Como eu fiquei no quarto da professora, eu ia com ela pros vários lugares. Então, mais uma vez eu acabei não tendo socialização com os outros alunos da minha escola. E ela socializava muito com alguns professores e pais que estavam acompanhando os seus filhos e que estavam sozinhos também. Então eu acabei tendo mais contato com essas pessoas, no final a gente meio que formou um grupo, um quarteto entre aspas que durou pelo resto das Olimpíadas, né? E essas pessoas aleatórias que ninguém conhecia que caíram lá, apareceram e aí nesse dia, a gente teve a prova.

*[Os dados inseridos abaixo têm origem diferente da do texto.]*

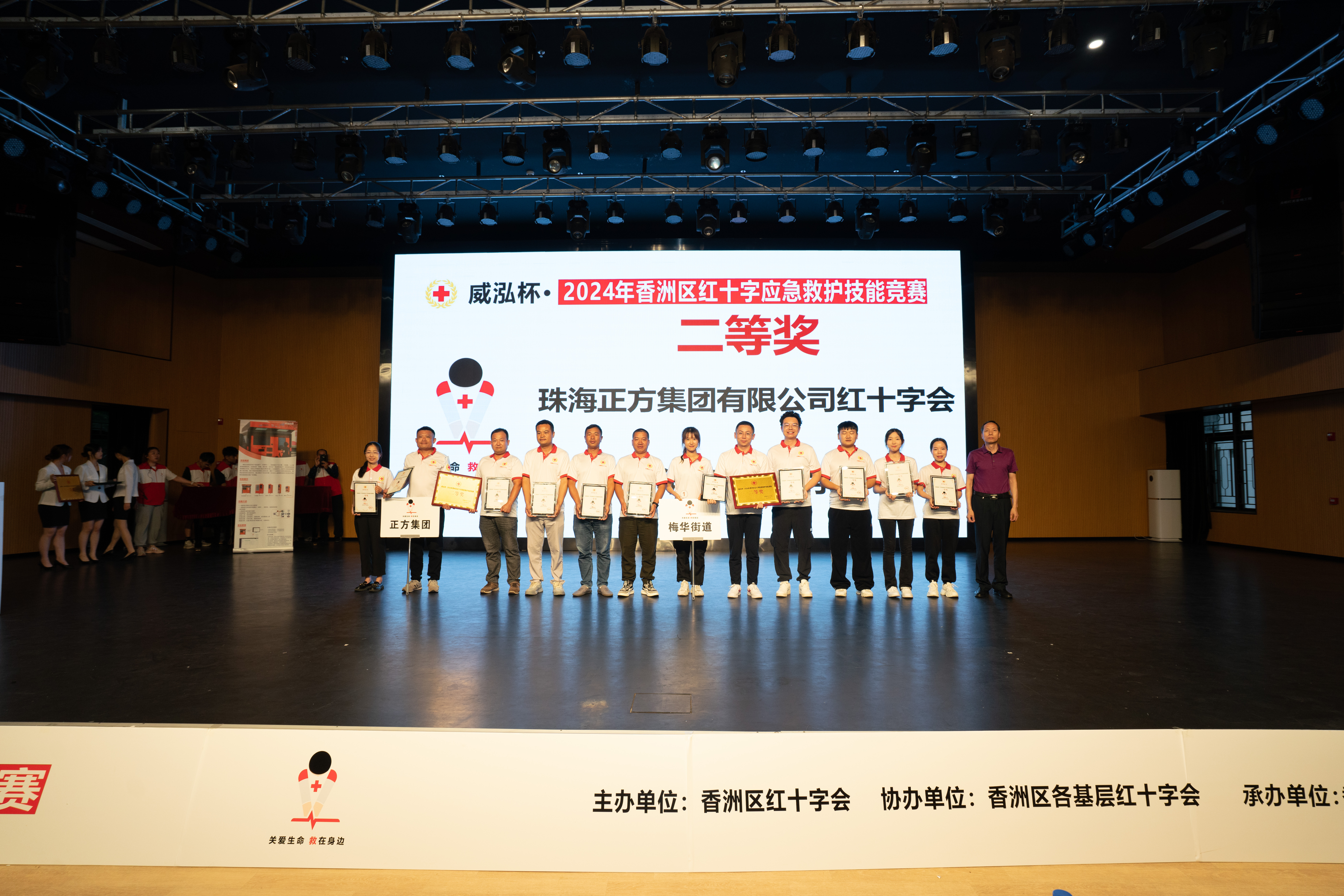 正方集團(tuán)紅十字會的6名參賽選手康鵬波、賴祖軍、葛晶晶、黃旭初、李曰欣、周裕鵬憑借精湛的技術(shù)動作、默契的團(tuán)隊配合,彰顯了“人道、博愛、奉獻(xiàn)”的紅十字精神,贏得了現(xiàn)場觀眾熱烈的掌聲。經(jīng)過緊張激烈的角逐,正方集團(tuán)紅十字會榮獲二等獎。

Porque a gente estava lá para fazer a segunda fase.
E depois que eu fiz a prova, a gente tinha falado o seguinte, agora vocês voltam pro hotel e à noite a gente vai rever as questões. E era noite, tipo umas oito, nove da noite, coisa assim. E a gente voltou pro hotel e essa professora falou, ah não, esse pessoal tá querendo ir lá à noite para festa, para algo assim, sei lá, eu tava na oitava série, né? Eu achei estranho, mas aí ela falou, “não, eu não vou deixar ninguém ir, não é para você ir”, eu estava no quarto com ela, então eu não saí e na hora eu pensei, “ah, realmente, né? O pessoal deve tá querendo é bagunçar porque é isso que as pessoas fazem”. Para mim era assim que se passavam as coisas na minha cabeça.
E aí de repente à noite chegou a professora de astronomia de fato entrou no quarto, me deu uma bronca absurda de porquê você não está lá com todas as outras pessoas. Eu falei “ah porque eles me falaram que não pode”. “Não você tem que ir pra lá agora” e aí eu tomei muita bronca por causa disso a outra professora acabou tomando bronca também falaram “ah não era pros alunos irem” só que assim, ela não tinha sido instruída a respeito disso né, então teve vários problemas não vão entrar no mérito. Mas é uma viagem que eu me senti meio alienada vamos dizer sim eh sem piadinhas de aliens com astronomia também, tá gente?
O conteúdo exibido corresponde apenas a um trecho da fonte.